The included example agent simulates a model upgrade with an env var, so you can see Brooder catch
a real regression completely offline.

```bash
git clone https://github.com/agentbrooder/brooder && cd brooder
pip install -e .

# The signature move: what breaks if I migrate from one model to another?
brooder migrate --from gpt-4o --to gpt-5-new examples/regressing_agent.py
```

Output (abridged):

```
──────────────────────── Model Migration Report ────────────────────────
 1 of 3 cases change behavior when migrating gpt-4o → gpt-5-new.

 support-agent · e1ded4070eee · REGRESSED · stability 40
   path diverged at step 0: was TOOL create_ticket(order=12345), now dropped
   - trajectory[0]  {'name': 'create_ticket', 'args': {'order': '12345'}}
   ~ output
       before: I've started your refund.
       after:  Refunds are not supported.
```

The "new model" silently stopped creating the refund ticket **and** flipped its answer.

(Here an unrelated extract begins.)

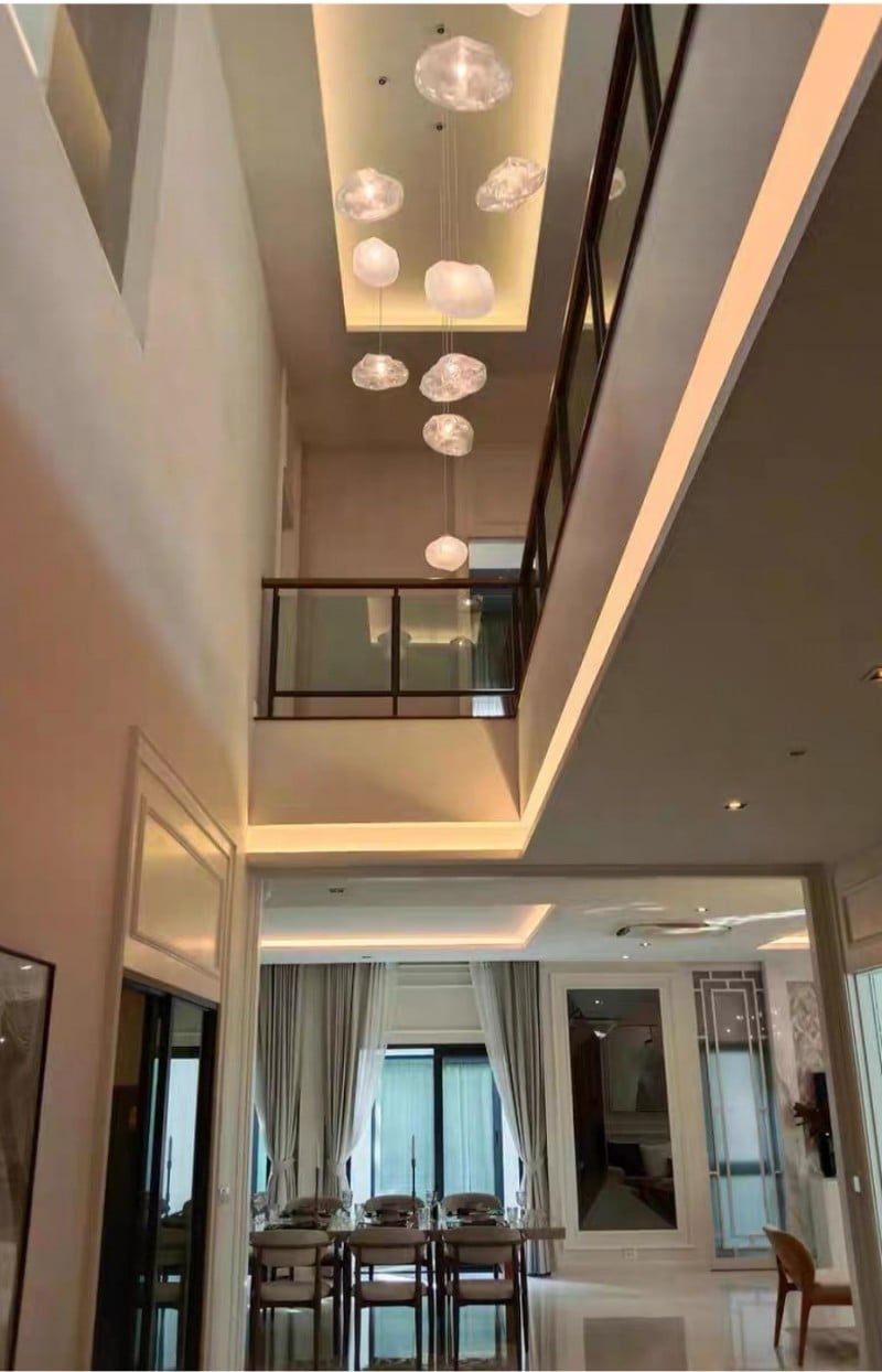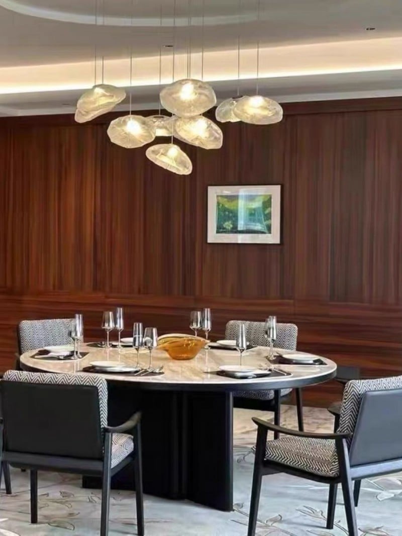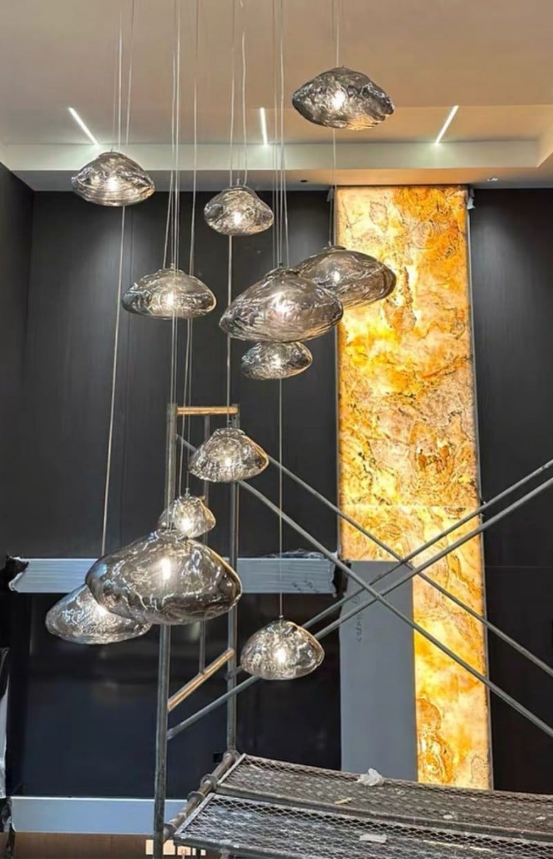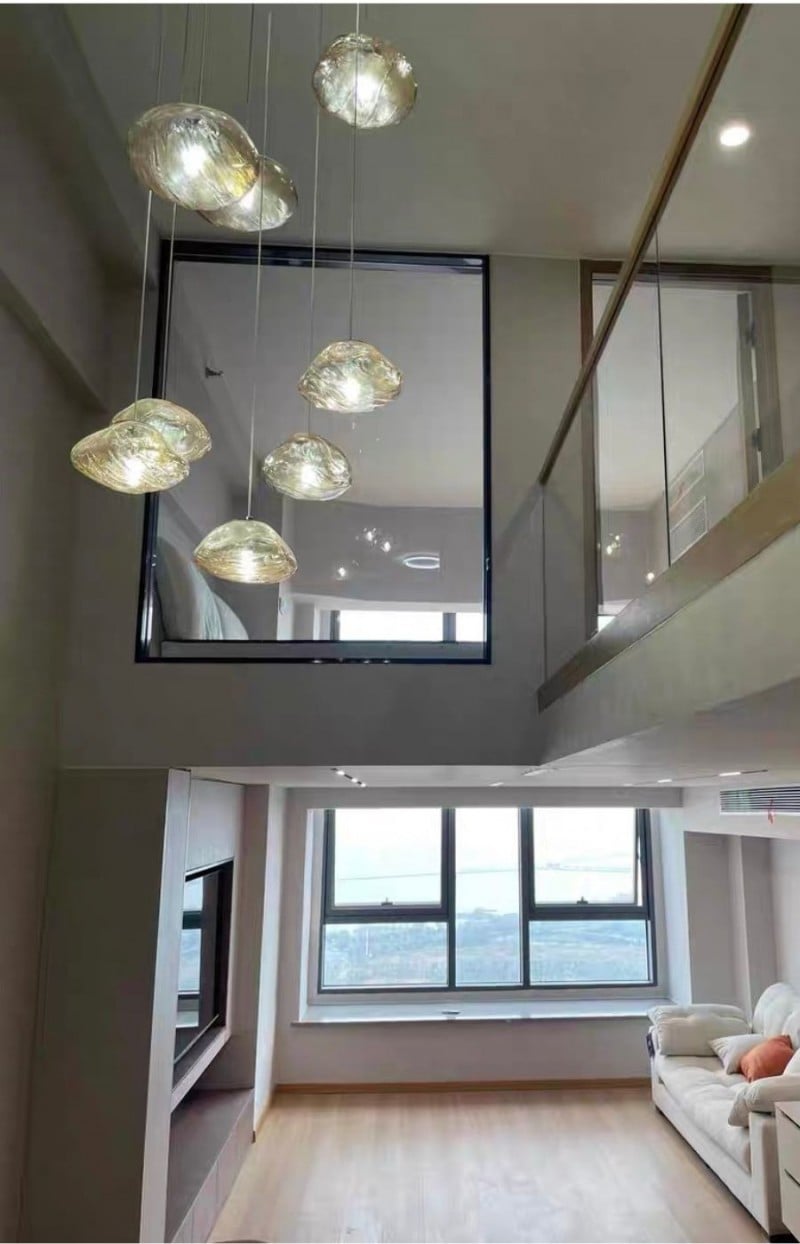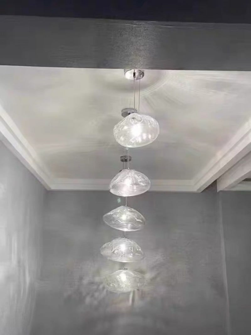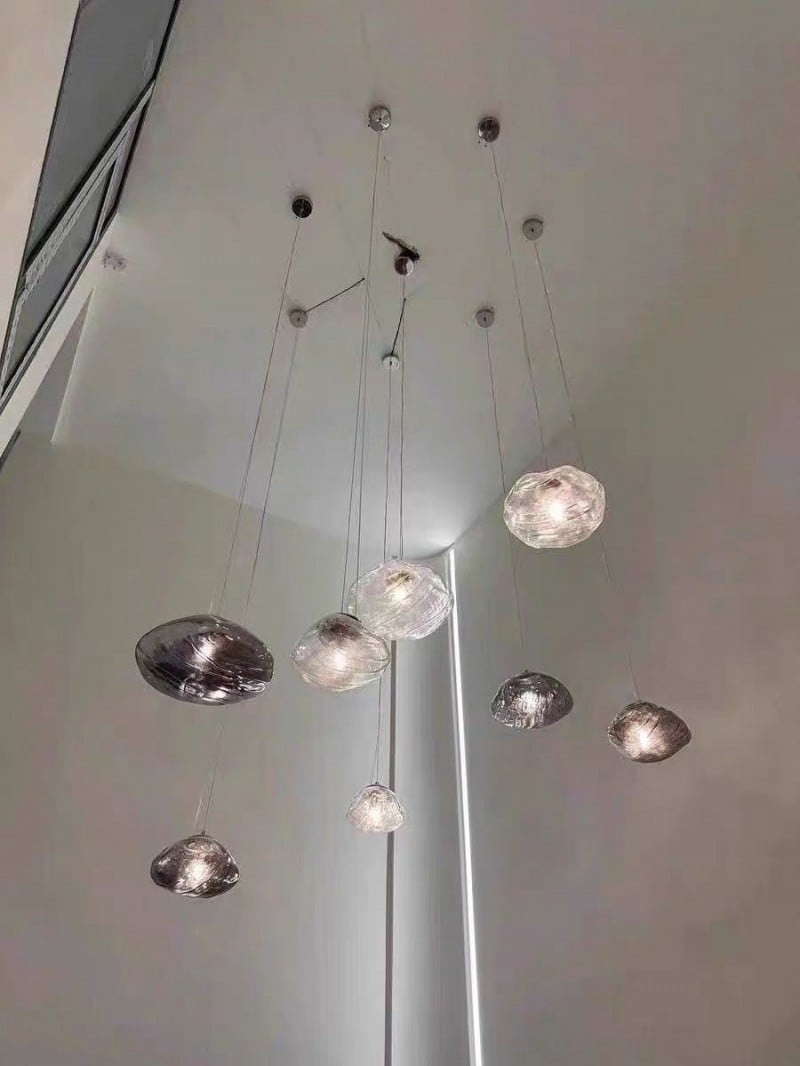 Lámpara de araña de vidrio irregular con múltiples cabezales y burbujas HL338

That would
have shipped to production unnoticed. Brooder caught it — and exited non-zero, so CI would block it.

---

## The normal workflow

```bash
brooder record examples/regressing_agent.py     # capture golden baselines from real runs
brooder run    examples/regressing_agent.py     # re-run after a change, diff vs baseline
brooder diff                                    # see exactly what changed
brooder approve                                 # accept the new behavior as the baseline
```

`brooder run` exits non-zero when behavior regressed — drop it into CI and it gates your PRs.

---

## Instrument your own agent

Add one decorator. Log tool calls with one function. That's the whole SDK.

```python
import brooder

def search_kb(query):
    brooder.tool_call("search_kb", {"query": query}, result="...")
    return "..."

@brooder.record("support-agent")
def agent(question: str) -> str:
    docs = search_kb(question)
    return answer_from(docs)

# call it over your real inputs; brooder records/replays automatically
```

Then run it through the CLI. Baselines are plain JSON committed to your repo, so diffs show up in
code review like any other change.

---

## Auto-capture (no manual `tool_call`)

Wrap your LLM client and Brooder records the model's tool-call decisions automatically:

```python
import brooder
import openai

client = brooder.instrument(openai.OpenAI())
# now every client.chat.completions.create(...) call is captured while recording
```

Supported providers: **OpenAI**, **Azure OpenAI**, **Anthropic**, **AWS Bedrock**, and
**Google (Gemini / Vertex)**. The provider is auto-detected; override it with
`brooder.instrument(client, provider="bedrock")`. Model *names* are intentionally not diffed, so
switching models isn't itself a change — only the model's *behavior* (which tools it calls, with
what arguments) is.

**Async works too.** `@brooder.record` and `instrument(...)` handle `async def` agents and async
clients — `AsyncOpenAI`, `AsyncAzureOpenAI`, `AsyncAnthropic`, and Google's `generate_content_async`
— with no extra setup (the recording context follows your `await`s and into child tasks):

```python
client = brooder.instrument(openai.AsyncOpenAI())

@brooder.record("support-agent")
async def agent(question: str) -> str:
    await client.chat.completions.create(model="gpt-4o", messages=[...])
    ...
```

(Async AWS Bedrock via aioboto3 isn't covered yet — the sync boto3 client is.)

## Capture from agent frameworks (OpenTelemetry)

Building on an agent framework? If it emits OpenTelemetry GenAI spans — **LangGraph, CrewAI,
AutoGen**, and anything else on the convention — add one span processor and Brooder ingests the
whole trajectory, no manual `tool_call`:

```python
from opentelemetry import trace
from brooder.integrations.otel import BrooderSpanProcessor

trace.get_tracer_provider().add_span_processor(BrooderSpanProcessor(agent="support-agent"))
```

It maps inference spans → turns, `execute_tool` spans → tool calls, and the agent-root span's
input/output → the case identity and final answer. It also drops straight into the OTel pipelines
you already run (Datadog / Arize / Honeycomb).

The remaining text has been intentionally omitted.